Des manches àl’envers”

Les manches du casaquin mulhousien sont de type 3/4, avec une forme arrondie. Configuration spécifique aux tenues de l’Ancien Régime, due à la posture corporelle donnée par le port du corset, lequel obligeait à se tenir les épaules rejetées en arrière, avec les omoplates très rapprochées.

D’où l’ouverture en trapèze du décolleté et le maintien des bras en position demi pliée.

Finition de la manche avec détail du motif de pliures bordées d’un ruban de soie cramoisie – Musée Historique Mulhouse – © J.Rueher
Le bas des manches est terminé par un motif plissé, en appliqué, dans l’esprit de ce que l’on nommait les petits bonshommes”, sortes de manchettes plissées ou ruchées, que l’on ajoutait sur le haut des bras ou au coude.

Une observation plus attentive permet de remarquer que la couture des manches est elle-même dans une position inhabituelle puisque placée non pas sous mais sur l’avant du bras. Emplacement surprenant mais courant à l’époque et qui découle directement de la position des bras imposée par le corset.

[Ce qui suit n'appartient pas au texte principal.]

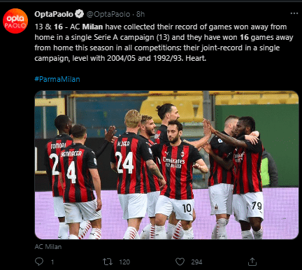 925直播讯北京时间4月11日,意甲第30轮,米兰客场3-1战胜帕尔马。据Opta统计,米兰本赛季已经16次在客场拿下胜利,其中13次都是在意甲联赛中取得。

Les couturières débutantes, faisant de la reconstitution de costumes anciens, sont parfois désorientées par cette configuration, ne comprenant pas les raisons de ces manches apparemment disposées ”à l’envers”. Ce qui correspond pas avec la tradition enseignée dans les écoles de couture à partir du 19è siècle, période où les corsets ayant changé de forme, l’attitude corporelle et l’allure des manches se trouvèrent également modifiées.

A suivre …

 

 

Remerciements à l’équipe du Musée Historique de Mulhouse pour son accueil et l’aide apportée à la réalisation de cette page.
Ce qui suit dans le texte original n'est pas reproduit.